● What is expected: Note the line where "本网讯(特约记者/刘伟)10" appears in the data below; write it out exactly, along with every line that comes after it to the end.

● Input records:
►
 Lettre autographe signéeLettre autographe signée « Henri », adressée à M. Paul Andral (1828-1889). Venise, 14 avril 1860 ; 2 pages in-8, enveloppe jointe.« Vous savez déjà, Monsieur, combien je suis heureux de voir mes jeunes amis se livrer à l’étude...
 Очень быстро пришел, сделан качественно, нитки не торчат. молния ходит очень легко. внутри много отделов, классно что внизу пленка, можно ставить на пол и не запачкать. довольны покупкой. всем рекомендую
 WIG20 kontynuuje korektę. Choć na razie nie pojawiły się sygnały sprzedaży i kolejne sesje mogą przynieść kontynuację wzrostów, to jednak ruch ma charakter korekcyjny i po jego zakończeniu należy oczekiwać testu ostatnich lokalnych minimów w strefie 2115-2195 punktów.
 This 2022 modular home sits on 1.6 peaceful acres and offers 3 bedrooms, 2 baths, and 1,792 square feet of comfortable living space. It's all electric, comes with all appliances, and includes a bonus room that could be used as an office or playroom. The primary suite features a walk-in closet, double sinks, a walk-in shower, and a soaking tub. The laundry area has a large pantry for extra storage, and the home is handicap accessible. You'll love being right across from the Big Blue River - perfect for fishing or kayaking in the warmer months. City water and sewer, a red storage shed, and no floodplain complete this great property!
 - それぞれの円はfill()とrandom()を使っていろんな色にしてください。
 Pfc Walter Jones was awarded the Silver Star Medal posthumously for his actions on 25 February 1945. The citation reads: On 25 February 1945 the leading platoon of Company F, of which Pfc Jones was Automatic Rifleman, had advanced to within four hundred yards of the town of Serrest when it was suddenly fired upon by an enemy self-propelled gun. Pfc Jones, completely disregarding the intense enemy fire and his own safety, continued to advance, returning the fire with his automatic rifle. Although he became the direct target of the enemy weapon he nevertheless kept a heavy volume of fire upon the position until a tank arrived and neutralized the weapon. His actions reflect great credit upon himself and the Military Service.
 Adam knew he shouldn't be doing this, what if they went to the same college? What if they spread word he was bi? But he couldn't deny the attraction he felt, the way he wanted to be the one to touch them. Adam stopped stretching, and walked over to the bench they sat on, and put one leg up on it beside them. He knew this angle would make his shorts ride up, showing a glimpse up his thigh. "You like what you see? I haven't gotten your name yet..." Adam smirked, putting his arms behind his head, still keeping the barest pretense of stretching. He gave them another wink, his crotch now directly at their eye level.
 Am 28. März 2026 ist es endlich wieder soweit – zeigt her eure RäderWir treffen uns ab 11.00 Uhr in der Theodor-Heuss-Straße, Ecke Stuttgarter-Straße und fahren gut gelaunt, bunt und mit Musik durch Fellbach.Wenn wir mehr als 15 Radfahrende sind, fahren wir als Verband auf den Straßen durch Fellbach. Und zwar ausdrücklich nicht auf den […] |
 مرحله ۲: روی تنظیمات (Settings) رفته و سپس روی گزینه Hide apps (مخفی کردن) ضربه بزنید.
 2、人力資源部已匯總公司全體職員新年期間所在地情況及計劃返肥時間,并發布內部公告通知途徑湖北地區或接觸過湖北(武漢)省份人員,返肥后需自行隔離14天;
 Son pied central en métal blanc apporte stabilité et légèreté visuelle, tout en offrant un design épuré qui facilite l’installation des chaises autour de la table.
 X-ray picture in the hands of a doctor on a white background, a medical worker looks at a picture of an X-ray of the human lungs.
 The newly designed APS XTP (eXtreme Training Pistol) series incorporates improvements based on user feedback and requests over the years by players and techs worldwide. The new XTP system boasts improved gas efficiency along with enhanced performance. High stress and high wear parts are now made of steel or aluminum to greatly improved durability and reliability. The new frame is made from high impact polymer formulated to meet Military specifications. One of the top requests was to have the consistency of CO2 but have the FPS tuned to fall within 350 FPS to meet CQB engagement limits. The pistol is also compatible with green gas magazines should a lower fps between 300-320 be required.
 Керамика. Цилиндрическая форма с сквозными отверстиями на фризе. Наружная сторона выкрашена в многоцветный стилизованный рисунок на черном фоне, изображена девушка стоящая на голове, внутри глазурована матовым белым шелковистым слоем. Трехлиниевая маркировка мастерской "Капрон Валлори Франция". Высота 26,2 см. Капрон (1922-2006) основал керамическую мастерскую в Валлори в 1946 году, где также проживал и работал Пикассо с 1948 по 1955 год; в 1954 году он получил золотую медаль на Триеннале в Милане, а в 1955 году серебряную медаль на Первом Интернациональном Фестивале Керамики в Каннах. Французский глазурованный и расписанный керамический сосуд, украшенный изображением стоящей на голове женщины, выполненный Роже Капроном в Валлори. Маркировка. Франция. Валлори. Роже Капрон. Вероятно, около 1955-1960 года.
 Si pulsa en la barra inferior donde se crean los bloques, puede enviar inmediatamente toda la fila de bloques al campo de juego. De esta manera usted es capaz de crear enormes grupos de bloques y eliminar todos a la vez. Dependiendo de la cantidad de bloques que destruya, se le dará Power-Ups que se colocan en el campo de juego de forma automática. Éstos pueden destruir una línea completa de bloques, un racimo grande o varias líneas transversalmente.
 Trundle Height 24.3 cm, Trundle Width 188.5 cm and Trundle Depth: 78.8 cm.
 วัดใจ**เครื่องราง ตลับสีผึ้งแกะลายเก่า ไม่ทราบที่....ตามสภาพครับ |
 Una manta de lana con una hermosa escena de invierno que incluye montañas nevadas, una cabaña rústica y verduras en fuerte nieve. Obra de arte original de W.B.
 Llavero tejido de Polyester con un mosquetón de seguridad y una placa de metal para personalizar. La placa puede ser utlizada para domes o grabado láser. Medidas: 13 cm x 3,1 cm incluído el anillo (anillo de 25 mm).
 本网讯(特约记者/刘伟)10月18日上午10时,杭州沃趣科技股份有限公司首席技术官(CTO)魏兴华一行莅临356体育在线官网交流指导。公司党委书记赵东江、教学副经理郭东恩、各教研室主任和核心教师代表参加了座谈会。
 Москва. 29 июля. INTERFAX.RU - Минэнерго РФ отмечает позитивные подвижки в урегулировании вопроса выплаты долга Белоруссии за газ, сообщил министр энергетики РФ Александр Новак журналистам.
◄
● Reply:
 本网讯(特约记者/刘伟)10月18日上午10时,杭州沃趣科技股份有限公司首席技术官(CTO)魏兴华一行莅临356体育在线官网交流指导。公司党委书记赵东江、教学副经理郭东恩、各教研室主任和核心教师代表参加了座谈会。
 Москва. 29 июля. INTERFAX.RU - Минэнерго РФ отмечает позитивные подвижки в урегулировании вопроса выплаты долга Белоруссии за газ, сообщил министр энергетики РФ Александр Новак журналистам.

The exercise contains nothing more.